La production d’énergie est la première cause d’émissions de CO2 fossile. Une petite partie est due à l’extraction, au transport et au raffinage des combustibles fossiles, mais l’essentiel provient de la production d’électricité, dont 75 % sont réalisés à partir de combustibles fossiles dans le monde (le charbon pour environ 50 %). Les émissions de CO2 provenant du poste industrie, deuxième par ordre d’importance au niveau mondial, correspondent pour plus des trois quarts à la production de matériaux de base (acier, verre, plastique, etc.).

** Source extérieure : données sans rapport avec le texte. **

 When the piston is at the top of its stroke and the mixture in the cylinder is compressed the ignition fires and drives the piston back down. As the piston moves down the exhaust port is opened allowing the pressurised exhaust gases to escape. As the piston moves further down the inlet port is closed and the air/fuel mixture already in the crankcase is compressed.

Les transports ne se trouvent qu’à la troisième position puisque les émissions directes des véhicules ne représentent que 24 % du total, mais si l’on réintègre dans le bilan les émissions liées à l’extraction, à la production de carburant et à la fabrication des véhicules, le total avoisine alors environ 30 %. À la quatrième place se trouve le poste «résidentiel et tertiaire», correspondant au confort des bâtiments, pour l’essentiel au chauffage, mais aussi à la climatisation, à la production d’eau chaude sanitaire, etc.  Les transports (aériens et terrestres) sont quant à eux la cause d’au minimum 25 % des émissions de gaz à effet de serre.


La vapeur d’eau

Sa durée de vie atmosphérique est très courte, car son recyclage, par la pluie et la neige, puis par l’évaporation des sols, se fait en quelques semaines. La concentration de vapeur d’eau réagit très vite aux changements : un climat plus chaud induit un niveau plus élevé de saturation de l’atmosphère en vapeur d’eau, ce qui permet à l’air de devenir plus humide. Dans ces conditions, l’effet de serre augmente encore et renforce le réchauffement. Ce rôle, dit de « rétroaction positive », fait de la vapeur d’eau un amplificateur potentiel des changements climatiques.

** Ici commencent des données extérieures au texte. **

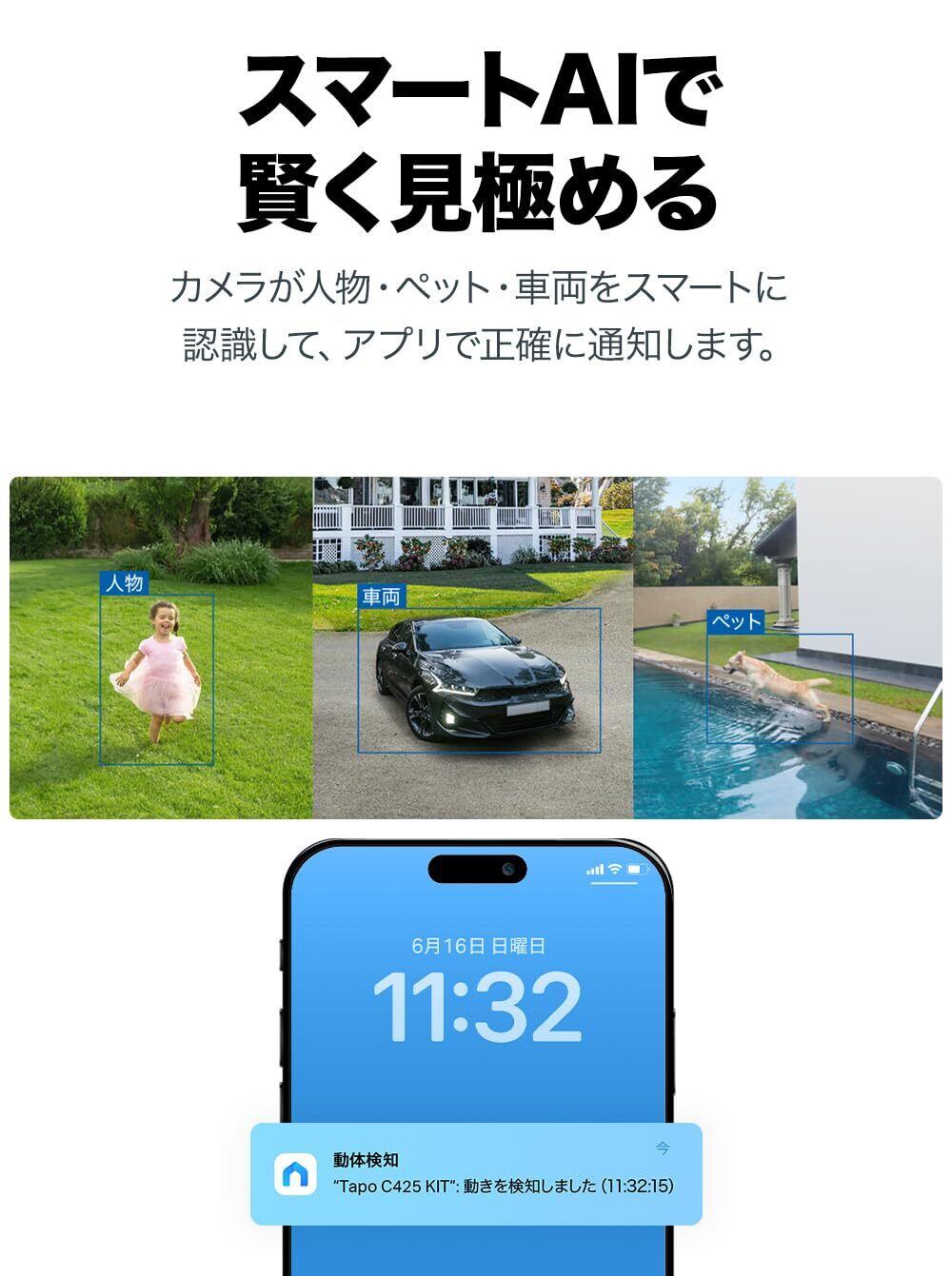 TP-Link Tapo 防犯カメラ 屋外 ソーラー 見守りカメラ Wi-Fi フルワイヤレス 充電式 2K QHD 4MP IP66 防水防塵 フルカラーナイトビジョン スマートAI検知 マイク スピーカー 搭載 Alexa/Google Assistant 対応 【小型ソーラーパネルマウントキット】 Tapo C425 KIT

Le dioxyde de carbone (CO2)

L’augmentation rapide et incontestable du CO2 atmosphérique affecte le cycle complexe du carbone, qui avait mis des milliers d’années à s’équilibrer. L’océan et la biosphère continentale « reprennent » pour le moment à moitié environ les émissions anthropiques (émissions dues à la combustion du charbon et du pétrole, déforestation...), car les biosphères terrestres et océaniques contiennent 5 fois plus de carbone que l’atmosphère. Ainsi, dans un climat plus chaud, la capacité d’absorption du CO2 par l’océan peut diminuer, la végétation continentale pourrait être soumise à un stress hydrique augmenté.



Le méthane 

Malgré une teneur atmosphérique bien inférieure à celle de CO2, le méthane contribue fortement à l’effet de serre: l’ajout d’une molécule de méthane dans l’atmosphère produit un effet radiatif de 20 à 50 fois supérieur à l’ajout d’une molécule de CO2.



L’ozone

L’ozone est le résultat de la décomposition photochimique de l’oxygène sous l’effet des rayons ultraviolets. Cet équilibre est perturbé depuis quelques années par la présence de radicaux libres chlorés provenant des CFC, d’où la diminution de l’ozone stratosphérique qui se manifeste surtout sur l’Antarctique à la fin de l’hiver austral. Plus près du sol, la décomposition d’oxydes d’azote, plus abondant, catalysé par la présence de méthane, plus abondant lui aussi, augmente l’ozone des basses couches de l’atmosphère, en particulier l’été dans les grandes villes de l’hémisphère nord.



Autres

Plusieurs gaz comme, par exemple, les oxydes d’azote (en particulier N2O) dont la présence est souvent liée à l’agriculture, et les halocarbures ont augmenté de manière considérable dans l’atmosphère. Les produits substitutifs au CFC comme les PFC (perfluorocarbures) et HFC (hydrofluorocarbures) n’ont pas d’effet nocif sur l’ozone, mais sont à très fort effet de serre.